START SUPPLIED INFORMATION
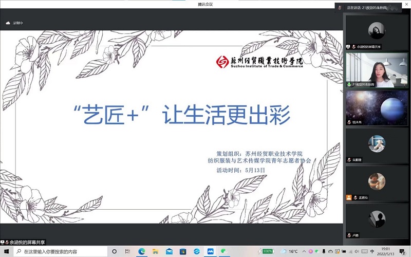 技能服务走进社区,即是展示学子技能的平台,也是民众了解职业教育、尊重职业教育、认可职业教育的窗口。职教活动周期间,由纺织服装与艺术传媒学院环境艺术设计、服装与服饰设计和数字媒体艺术设计等专业的学生组成的“艺匠+”青年志愿者协会组织了主题为“‘艺匠+’让生活更出彩”的服务活动。志愿服务团队的学生发挥自己的专业特长,以线上教学的方式,为乡村儿童详细讲解文创产品的制作过程,介绍了缂丝起源、发展及生产技艺,并手把手教孩子们制作手工画。屏幕前一张张稚嫩的面孔、因新奇而挥动的小手、充满童真的图画,让志愿服务团队的学生感受到技能带来的自信心和社会责任感。学生志愿者们扎实的专业技术、耐心细致的讲述,赢得了社区居民的高度赞扬和一致好评。
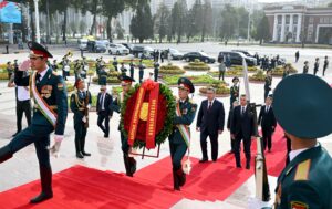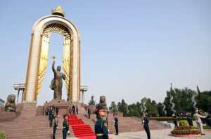 Президент Садыр Жапаров бүгүн, 8-июлда, Тажикстан Республикасына болгон мамлекеттик сапарынын алкагында Дүйшөмбү шаарында тажик мамлекетинин негиздөөчүсү Исмоил Сомонинин эстелигине гүлчамбар койду.
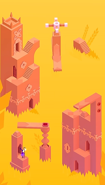 通过那扇门后,你会进入一个看似复杂的四方形平台房间。这里的解谜关键在于旋转结构。踩上可移动的平台后,通过旋转整个机关,让你的角色能够够到左边平台上的按钮。继续旋转机关,将其他区域的积木结构传递到你面前,走上去后系统会自动将你送回起始的平台。之后你需要再次操作,让平台连接到左侧带有按钮的平台上,完成这一系列精密的空间衔接后,再次与房间里的人物对话,便会触发一段过场动画,引导你前往下一个场景——宁静的稻田。
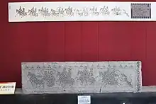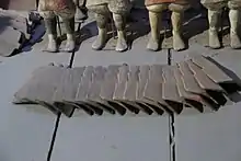 It's clear from surviving inventory lists in Gansu and Xinjiang that the crossbow was greatly favored by the Han dynasty. For example, in one batch of slips there are only two mentions of bows, but thirty mentions of crossbows.[34] Crossbows were mass-produced using material such as mulberry wood and brass; a crossbow in 1068 could pierce a tree at 140 paces.[35] Crossbows were used in numbers as large as 50,000 starting from the Qin dynasty and upwards of several hundred thousand during the Han.[36] According to one authority the crossbow had become "nothing less than the standard weapon of the Han armies" by the second century BC.[37] Han era carved stone images and paintings also contain images of horsemen wielding crossbows. Han soldiers were required to pull an "entry level" crossbow with a draw-weight of 76 kg to qualify as a crossbowman.[38]
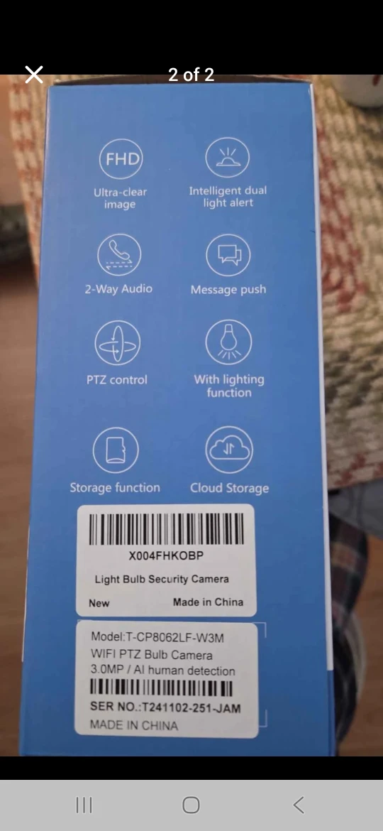 Selling a new light bulb security camera still in its box! It features FHD ultra-clear image quality, intelligent dual light alert, 2-way audio, message push, PTZ control, lighting function, storage function, and cloud storage.
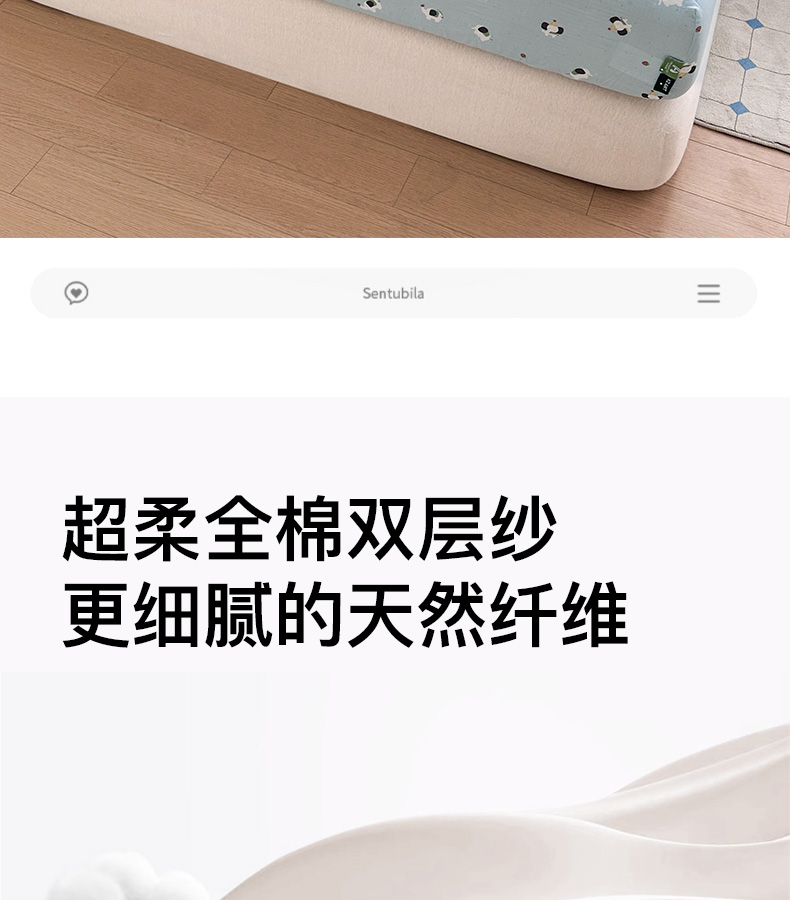 (总)卡姿家纺 2026春夏全棉双层纱床盖式床笠三件套,彩球小猫,圣诞树,糖果小熊,小狗贝塔,小狗喜乐,小狗元宝
END SUPPLIED INFORMATION
From the records above, output only the lines starting at the one containing "Президент Садыр Жапаров" and ending at the one containing "It's clear from", word for word. Pictures stay out.

 Президент Садыр Жапаров бүгүн, 8-июлда, Тажикстан Республикасына болгон мамлекеттик сапарынын алкагында Дүйшөмбү шаарында тажик мамлекетинин негиздөөчүсү Исмоил Сомонинин эстелигине гүлчамбар койду.
 通过那扇门后,你会进入一个看似复杂的四方形平台房间。这里的解谜关键在于旋转结构。踩上可移动的平台后,通过旋转整个机关,让你的角色能够够到左边平台上的按钮。继续旋转机关,将其他区域的积木结构传递到你面前,走上去后系统会自动将你送回起始的平台。之后你需要再次操作,让平台连接到左侧带有按钮的平台上,完成这一系列精密的空间衔接后,再次与房间里的人物对话,便会触发一段过场动画,引导你前往下一个场景——宁静的稻田。
 It's clear from surviving inventory lists in Gansu and Xinjiang that the crossbow was greatly favored by the Han dynasty. For example, in one batch of slips there are only two mentions of bows, but thirty mentions of crossbows.[34] Crossbows were mass-produced using material such as mulberry wood and brass; a crossbow in 1068 could pierce a tree at 140 paces.[35] Crossbows were used in numbers as large as 50,000 starting from the Qin dynasty and upwards of several hundred thousand during the Han.[36] According to one authority the crossbow had become "nothing less than the standard weapon of the Han armies" by the second century BC.[37] Han era carved stone images and paintings also contain images of horsemen wielding crossbows. Han soldiers were required to pull an "entry level" crossbow with a draw-weight of 76 kg to qualify as a crossbowman.[38]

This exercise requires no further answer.